🤖 AI Summary
This work investigates gradient optimization dynamics in wide, shallow neural networks under asymmetric node scaling—where each hidden node’s output is multiplied by a distinct positive scaling factor—focusing on global convergence and explicit feature learning, in contrast to the classical Neural Tangent Kernel (NTK) parameterization.
Method: We combine dynamical systems analysis, high-probability generalization bound derivation, and empirical validation.
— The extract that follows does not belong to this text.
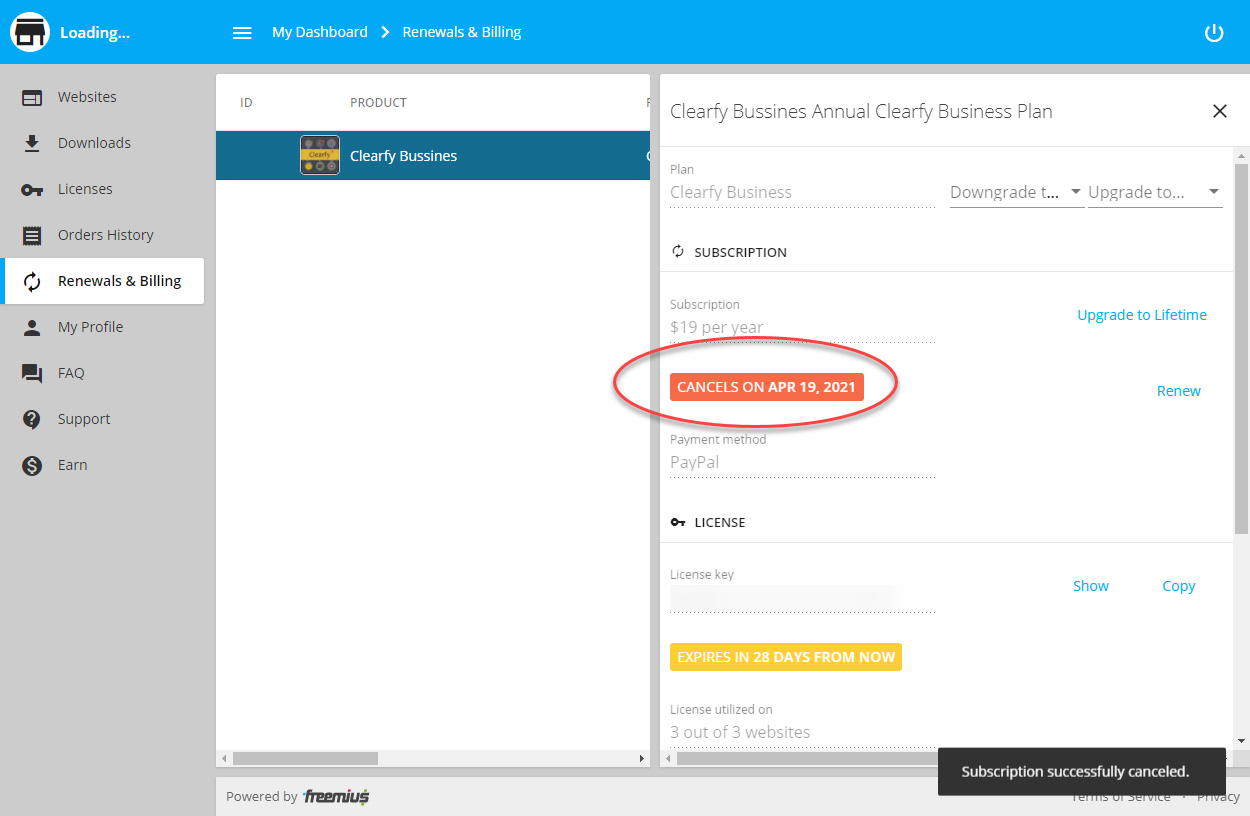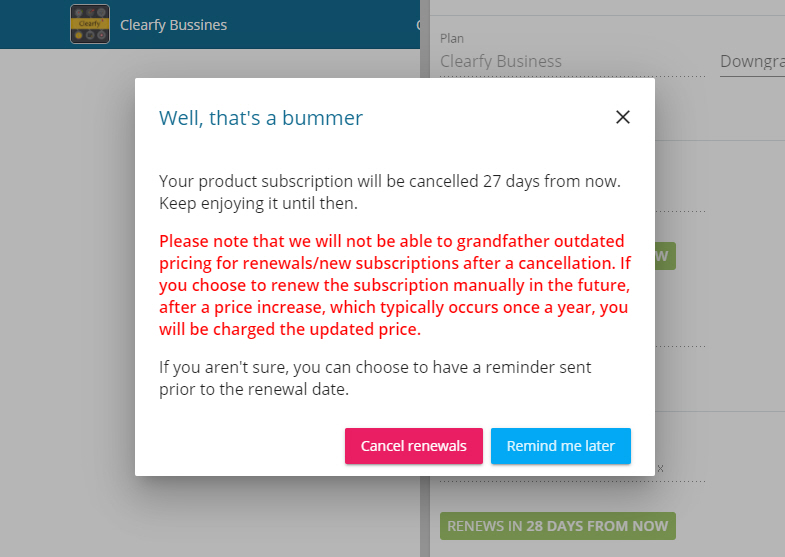 Clearfy 자동 갱신 취소하기

Contribution/Results: We establish, for the first time, global convergence guarantees for gradient flow and descent under this non-homogeneous parameterization, proving that, with high probability, optimization converges to the global optimum in the large-width regime. We further reveal that asymmetric scaling breaks the NTK’s linearization constraint, enabling implicit feature learning. Experiments demonstrate that models trained under this scheme exhibit superior prunability and cross-task transferability, significantly outperforming NTK-based baselines.
📝 Abstract
We consider gradient-based optimisation of wide, shallow neural networks, where the output of each hidden node is scaled by a positive parameter. The scaling parameters are non-identical, differing from the classical Neural Tangent Kernel (NTK) parameterisation. We prove that for large such neural networks, with high probability, gradient flow and gradient descent converge to a global minimum and can learn features in some sense, unlike in the NTK parameterisation. We perform experiments illustrating our theoretical results and discuss the benefits of such scaling in terms of prunability and transfer learning.